As red phosphors, nitride phosphors such as CaAlSiN3:Eu and (Sr,Ca)AlSiN3:Eu, and sulfide phosphors such as (Ca,Sr)S:Eu are well known, but composite fluoride phosphors represented by the general formula A2MF6:Mn4+ (where the element A is Li, Na, K, Rb, Cs, NH4 or the like, and the element M is Ge, Si, Sn, Ti, Zr or the like) have attracted interest as red phosphors having an extremely sharp fluorescence spectrum and having high brightness while having a deep red color. These phosphors have a structure in which Mn4+ is substituted as a solid solution at some of the tetravalent element M sites, and exhibit a fluorescence spectrum that combines multiple narrow-band emissions due to electron transitions in the Mn4+.
As a method for producing such composite fluoride phosphors represented by A2MF6:Mn4+, Patent Document 1 discloses a production method that involves preparing a reaction solution into which some of the constituent elements of the fluoride phosphor are dissolved, and adding the remaining constituent elements in the form of compounds in the solid state or in a reaction solution. In particular, the document describes a method wherein the raw material compounds are added and mixed, at a predetermined ratio, with hydrofluoric acid, and after all of the raw material compounds have dissolved, an organic compound-based poor solvent such as methanol, ethanol or acetone is added and the solubility is reduced to cause precipitation of the phosphor. Similarly, Patent Document 2 also describes that acetone was added to cause precipitation of a phosphor.

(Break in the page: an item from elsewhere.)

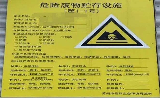 在收集、貯存、運(yùn)輸、利用、處置危險(xiǎn)廢物的設(shè)施、場所均應(yīng)設(shè)置規(guī)范(形狀、顏色、圖案均正確,其中貯存場所還應(yīng)按照《關(guān)于進(jìn)一步加強(qiáng)危險(xiǎn)廢物污染防治工作的實(shí)施意見》(蘇環(huán)辦字〔2019〕222號)要求規(guī)范設(shè)置識別標(biāo)識)的危險(xiǎn)廢物識別標(biāo)志。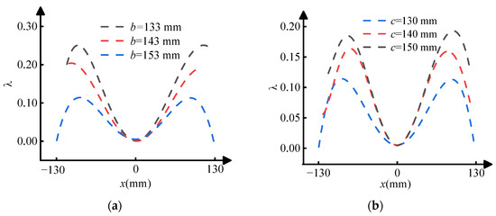 Since AUV needs to maintain a radial offset of at least 30 mm; in other words, the inner diameter of the PI coil should be greater than 130 mm, assuming c = 130 mm. Figure 7 shows the magnetic induction intensity distribution on line l1 varying with the size of the PI coil.

However, with the production method described in Patent Document 1 or 2, there is a tendency for the optical properties of the precipitated phosphor to be insufficient. The reason for this is believed to be due to the fact that, with methods that involve adding an organic compound-based poor solvent when causing precipitation of a phosphor, the Mn4+, which is the emission center, is not stably and sufficiently incorporated into the phosphor. Additionally, when an organic compound-based poor solvent is added, substances other than the constituent elements of the phosphor become intermixed therein, thus resulting in impurities and loss of luminescence efficiency.